# 7.1 Equake vs cape guage railway



## wigginsn (Jan 9, 2008)

Guess who won..

A couple of pics of the main railway line a few km from home after last weekends events.




















Cheers
Neil


----------



## chuck n (Jan 2, 2008)

WOW!! Neat pictures, they show both the vertical and horizontal offset.

Thanks.

Chuck N


----------



## jimtyp (Jan 2, 2008)

Amazing that no one was seriously hurt or died! Looks like it's going to take a long time to fix :-( 

Did you get any damage at your place?


----------



## aceinspp (Jan 2, 2008)

Could have been a lot worse. I wonder if they derailed any trains. Later RJD


----------



## wigginsn (Jan 9, 2008)

RJ, I read somwhere there were 18 on the move in the South Is at the time but none derailed. All movements stopped of course.. I heard the first train running on this line about 48 hrs after the quake.



Jim, Yes, years of rebuilding I suspect. Went into town for the first time yesterday and did the rubberneck thing at lunchtime as you do.. 80 - 90% of buildings are intact and ok, the rest are - if you'll excuse the local colloquailism - munted. No damage at home, we were incredibly lucky. Minor cracks in brickwork and a broken CD player - they don't really count in the scheme of things. 

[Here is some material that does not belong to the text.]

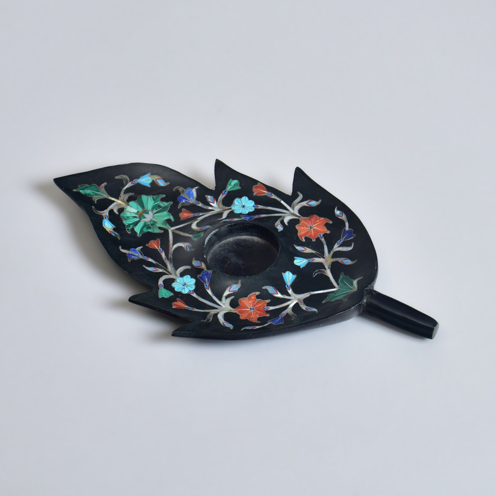 Sculpted from deep black marble, this leaf-shaped candle holder is where light meets shadow. Every curve is hand-carved, every inlay a quiet constellation, semi-precious stones set into its surface through the intricate Parchinkari technique. It evokes the stillness of a forest at dusk, the hush before a storm.

There was a flyover of the fault posted on YouTube, very interesting viewing esp for geologists I suspect. Hindsight has this 'new' fault last rupturing 16,000 yrs ago. 


*Aerial view of fault rupture line* 

Cheers
Neil


----------



## East Broad Top (Dec 29, 2007)

Ya see? If you had just converted to battery power, you wouldn't have had to thump the benchwork so darned hard to get past the dead spot in the track.









Later,

K


----------



## Jerry Barnes (Jan 2, 2008)

Wow, that was a neat video. Thanks.


----------



## Greg Elmassian (Jan 3, 2008)

Where's Gregg's building in that video? 

Wow, wonder how they reconcile survey / property lines now? 

Greg


----------



## Ray Dunakin (Jan 6, 2008)

Very interesting video!


----------



## Madman (Jan 5, 2008)

Incredible video. Not to make light of the circumstances you have found yourself in, but as Greg mentioned the property lines, one could wind up with more or less land. Or, if you travel by GPS, what now?


----------



## livesteam53 (Jan 4, 2008)

Neil, 
Thanks for the great photo's and Video's


----------



## wigginsn (Jan 9, 2008)

Not sure where Gregg's place is, there are plenty of ripped up paddocks to choose from thats for sure. 

You guys are on the money with the propoerty lines issue, its already been raised in the newspapers. Does this mean a complete resurvey, or do the lines stay with existing fencelines? Hey, can I have my shed back mate? Or can we cut a new door in the back so I can get the mower out?? 

Maybe it just becomes a can of worms when you go to sell your place. Not easy whichever way we cut it. 

Cheers 
Neil


----------



## Greg Elmassian (Jan 3, 2008)

I'm just guessing that the property lines will eventually be set by GPS, since it's the only frame of reference that has not changed. 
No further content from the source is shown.